Despite a stark drop in the national unemployment rate reported Friday, economists warned it will take decades for the labor market to return to pre-recession employment levels if the economy's achingly slow growth continues.
The U.S. economy added 120,000 jobs in November -- falling short of economists' expectations -- while the unemployment rate dipped from 9.0 to 8.6 percent, the Bureau of Labor Statistics reported Friday morning. But roughly half of the decline in the unemployment rate came from the 315,000 Americans who dropped out of the labor market last month, in part a reflection of the slow pace of the recovery, economists said.
"When unemployment is this high for this long, it's very likely that most of the people dropping out are doing so because they can't find work," said Heidi Shierholz, an economist at the Economic Policy Institute, who has studied the shrinking labor force during the years since the recession began. "There is some movement here, that's true. But it's just so slow."
While November's job gains roughly kept pace with population growth, a more positive glimmer can be found in the upwards revisions of the past two months of employment growth. Job growth for September was revised up to 210,000 from 158,00, and October's gains were up to 100,000 from 80,000.
120,000 may not be 250,000 -- the lowest number most economists look to for a really healthy recovery -- but it's also better than zero, the initial headline number of new positions created in August, when fears of a double-dip recession really began to take hold. In October, the number of new positions created in August was revised upwards to 103,000.
"We've got a modest acceleration and more employment growth then we saw over the summer," said Nigel Gault, Chief US Economist at IHS Global Insight, a firm offering economic and financial analysis, forecasting and market intelligence.
Domestically, Gault said, things haven't turned out as bad as people feared. But the global picture emanating from Greece and China looks darker. "At the moment, the U.S. is doing better than most of the rest of the world. But let's say Europe drops into recession. How far and how long could we outperform them?"

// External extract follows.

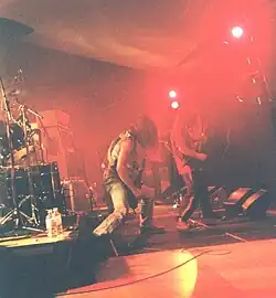 The same year, however, Sydney's live metal scene suffered a series of blows when several venues closed down. The Lewisham Hotel in the inner western suburbs, which as The Haunted Castle had hosted metal gigs up to four nights a week since the early 1990s, decided to close its doors to metal bands after a series of vandalism incidents. The other premier venue was the Phoenician Club on Broadway in the inner city, which also hosted regular metal events including shows by international touring acts; the building's history as a live music venue dated back to the early 1970s when groups like AC/DC had played there. On 21 October 1995, however, the club hosted a dance party known as a rave, attended by 15-year-old Anna Wood who died three days later after taking ecstasy there.[5] During the resultant investigation, the Phoenician Club's entertainment license was withdrawn and with the closure of another two venues shortly afterward—including the Cobra Club at the Parramatta Hotel which had been a key venue for every type of band from hair metal to thrash—the live heavy metal scene in Sydney almost came to a standstill. The Lewisham Hotel has since begun hosting metal gigs once more, although not as frequently. The old Phoenician Club building was eventually demolished in 2006 to make way for a residential precinct, and the Parramatta Hotel was similarly removed in 2003 and the site is now part of the enormous Westfield shopping complex.
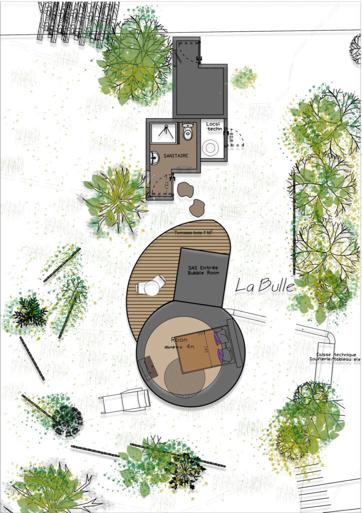 Notre Bulle, élégante et épurée, offre une vue panoramique sur le ciel étoilé et le paysage verdoyant environnant. Elle est conçue pour fusionner avec la nature tout en garantissant une intimité totale et un confort exceptionnel. Un cocon confortable pour une nuit sous les étoiles sans compromis sur le bien-être.

Job gains came in retail, hospitality, health care and business services, with modest gains in temporary work -- which can sometimes be an indicator of future job growth. Manufacturing employment -- once heralded as the shining star of the recovery -- has remained essentially flat since July. Meanwhile, state and local government continued to shed jobs.
The job gains are not coming in primarily high-wage industries, and annual average wage growth is not keeping pace with inflation. Worker in the retail sector -- which had the biggest gains last month -- pull in median hourly wages of $10.94 an hour, according to the Labor Department, and that sector's growth is one factor that explains the 2 cents dip in average hourly earnings last month. Another key factor is that the weak labor market provides employees little leverage to bargain with their employers over pay, economists said.

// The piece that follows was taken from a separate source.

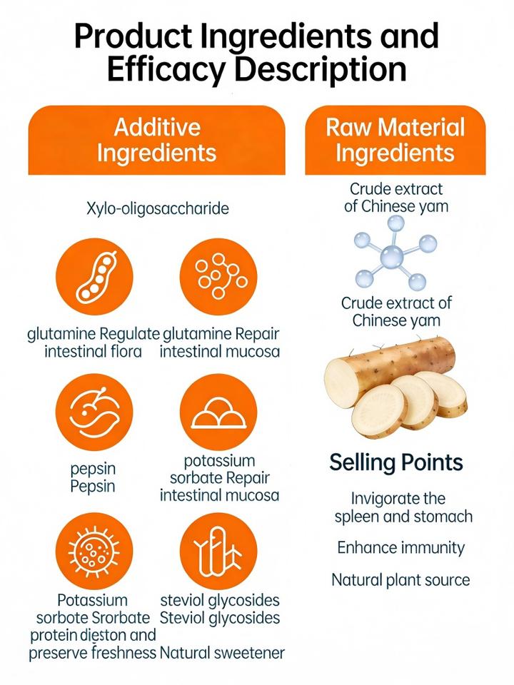 Main Ingredient:Xylo-oligosaccharide, Glutamine & Yam Extract

Two million Americans have been out of work for 99 weeks or more -- up from 1.5 million last November -- according to the Bureau of Labor Statistics. The percentage of workers who are working part time but still seeking full-time work is also up from a year ago, according to a recent Gallup poll.
And the U.S. economy still needs to regain more than 6 million jobs lost during the recession -- plus some 4.6 million jobs to account for population growth -- to reach pre-recession employment.
It's stark numbers like these that have led economists to dub the years since the Great Recession officially ended "the jobless recovery."
"After previous recessions, hiring soared. What has come roaring back this time is profits. They've reached a peak," said Gary Burtless, an economist at the Brookings Institute.
While many Occupy Wall Street protest camps have been cleared around the country, the income inequality that brought thousands of Americans to the streets since mid-September remains as strong as ever, according to this latest government snapshot. And even if job growth began to rebound in coming months, that income inequality, which has been growing for decades now, would still remain.
"Even if we could magically return to where things were in 2007 and the issues of the housing market disappeared, we would still have the three decades of cumulative growing inequality problems," said Lawrence Katz, Professor of Economics at Harvard University.
Arthur Delaney contributed reporting
CORRECTION: An earlier version of this report incorrectly reported that net job growth was flat in August, according to the Bureau of Labor Statistics. The BLS initally reported zero job growth in August, but revised that number upward in October to 103,000 jobs.